#### [SOURCE DATA]
________________________
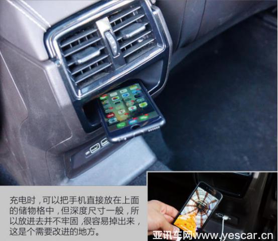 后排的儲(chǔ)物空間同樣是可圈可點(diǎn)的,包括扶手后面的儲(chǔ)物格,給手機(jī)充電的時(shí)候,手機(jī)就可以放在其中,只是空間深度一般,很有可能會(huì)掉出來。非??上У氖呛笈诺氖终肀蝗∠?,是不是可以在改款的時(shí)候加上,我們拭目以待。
________________________
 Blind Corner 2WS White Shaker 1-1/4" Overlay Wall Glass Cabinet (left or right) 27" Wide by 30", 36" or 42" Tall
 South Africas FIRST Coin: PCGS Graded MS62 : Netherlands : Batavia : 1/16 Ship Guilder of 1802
________________________
#### [WHAT TO DO]
From the entries above, write out only the lines starting at the line that holds "Blind Corner 2WS" and ending at the line that holds "South Africas FIRST", keeping both and matching them exactly.

#### [WRITTEN SOLUTION]
 Blind Corner 2WS White Shaker 1-1/4" Overlay Wall Glass Cabinet (left or right) 27" Wide by 30", 36" or 42" Tall
 South Africas FIRST Coin: PCGS Graded MS62 : Netherlands : Batavia : 1/16 Ship Guilder of 1802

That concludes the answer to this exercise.